A história, desenhada de modo brilhante por Alonso Iglesias, inspirando-se na monumental obra de Antoni Gaudí, tem os elementos básicos de um thriller: uma história policial em que misteriosos assassinatos devem ser elucidados. Ao mesmo tempo há a presença do sobrenatural: o fantasma de Gaudí passeia pela narrativa. A pergunta que paira no ar, até o final da história, mesmo depois dos crimes desvendados, é se esse fantasma faz parte do plano real da narrativa ou se trata-se de uma mera fantasia de Antonia.

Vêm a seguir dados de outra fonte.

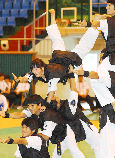 서울 관악고 김정영(3품)·송철준(3품)·김선웅(4품·이상 1학년)·신성철(4품·2학년)이 맨발로 평원 품새를 연습한다. 옆차기하는 넷의 발바닥이 하나같이 시커멓다. 이들은 다음날(24일) 열리는 고등부 단체 품새 부문에 참가한다고 했다. '제9회 우석대학교 총장기 전국 태권도 품새대회' 이틀째. 경기가 열리는 체육관 안만큼 밖의 열기도 뜨거웠다.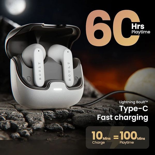 10 mins charge = 100 mins playtime. Lightning Boult Type-C fast charging makes this possible, getting your buds ready in no time.
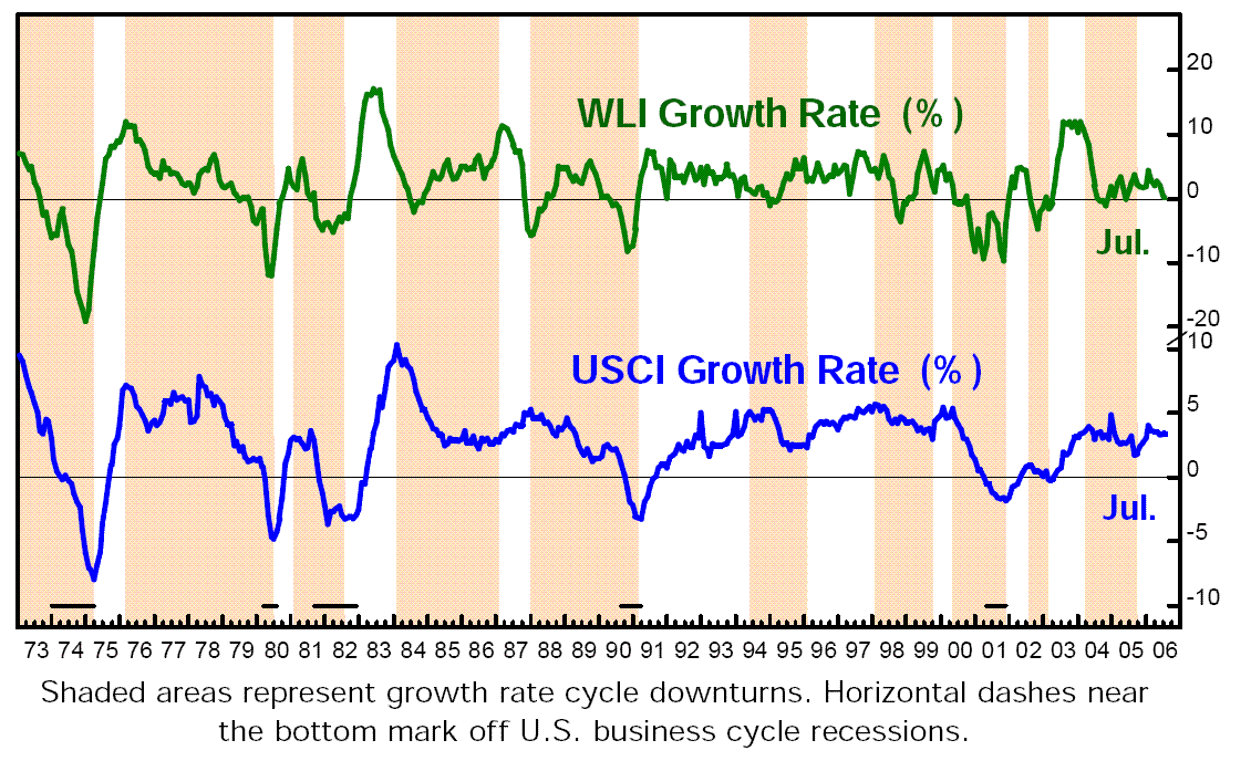 Just a couple of charts are probably fair use, right? WLI is ECRI's flagship leading indicator index, and USCI is their "coincident index" which correlates closely with GDP growth rates.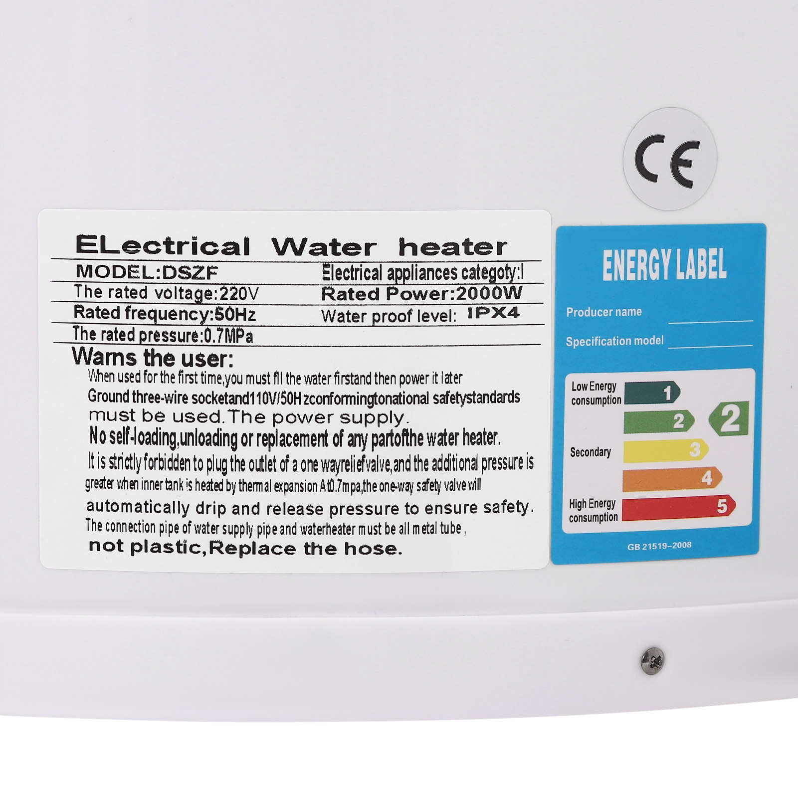 Электрический резервуар водонагреватель, водонагреватель 2000W 60L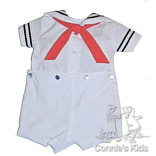 here's an idea.... what about asking your parents if they still have old christening outfits (yours, your husband's, or your siblings').... it would be a nice traditional touch (as long as they fit!)... and then you only need to buy the sailor suits....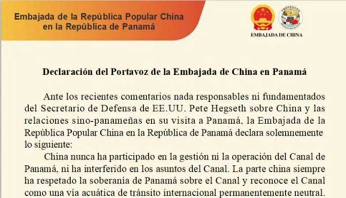 بدھ کے روزبیان میں کہا گیا ہے کہ چین نے کبھی بھی پاناما کینال کے انتظام اور آپریشن میں حصہ نہیں لیا اور نہ ہی کبھی کینال کے معاملات میں مداخلت کی ہے۔تاریخی طور پر کینال کو صرف ایک ہی بار کاٹا گیا، اور وہ امریکی جارحیت کی وجہ سے تھا۔اعلامیے کے مطابق چین اور پاناما نے نومبر 2017 میں بیلٹ اینڈ روڈ انیشٹو پر مفاہمت کی یادداشت پر دستخط کیے تھے اور دونوں ممالک کے درمیان تعاون کے کامیاب نتائج برآمد ہوئے ہیں جس سے پاناما اور اس کے عوام کو ٹھوس فوائد حاصل ہوئے ہیں۔

Fantasma ou ilusão de Antonia (a hesitação faz parte do gênero fantástico), o personagem central da história é Gaudí, sua obra e os espaços em que viveu. Ele é jogado na narrativa logo no início, no momento em que Antonia salva o idoso do atropelamento, que ocorre no mesmo lugar em que o arquiteto foi atingido por um bonde no dia 07 de junho de 1926, levando-o à morte três dias depois.
As duas primeiras páginas da narrativa, sem nenhuma indicação especial, funcionam como introdução e sumário da história. Graficamente há uma espécie de vista aérea do centro de Barcelona. Em seguida aparecem detalhes de sete obras do arquiteto catalão: a Casa Vicens, a Casa Calvet, o Palácio Güell, a Casa Batlló, a Pedreira, o Parque Güell e a Sagrada Família. Diz o assassino, pouco antes de morrer (e me desculpem pelo spoiler): “Se unimos com linhas a localização desses lugares, forma-se a constelação da Ursa Maior, as Sete Estrelas do Apocalipse.” (p. 95). Acompanham esses desenhos palavras que, só no final da história, sabemos que são do assassino. Falam de um esquema, uma espécie de caminho que leva a uma mensagem. E essa mensagem ainda está aí. Apesar de estar coberta por cartazes, anúncios, turistas e merda luminosa, ela ainda está aí. Mas está quebrada, fragmentada e sem forma. Fragmentada como o personagem que fala.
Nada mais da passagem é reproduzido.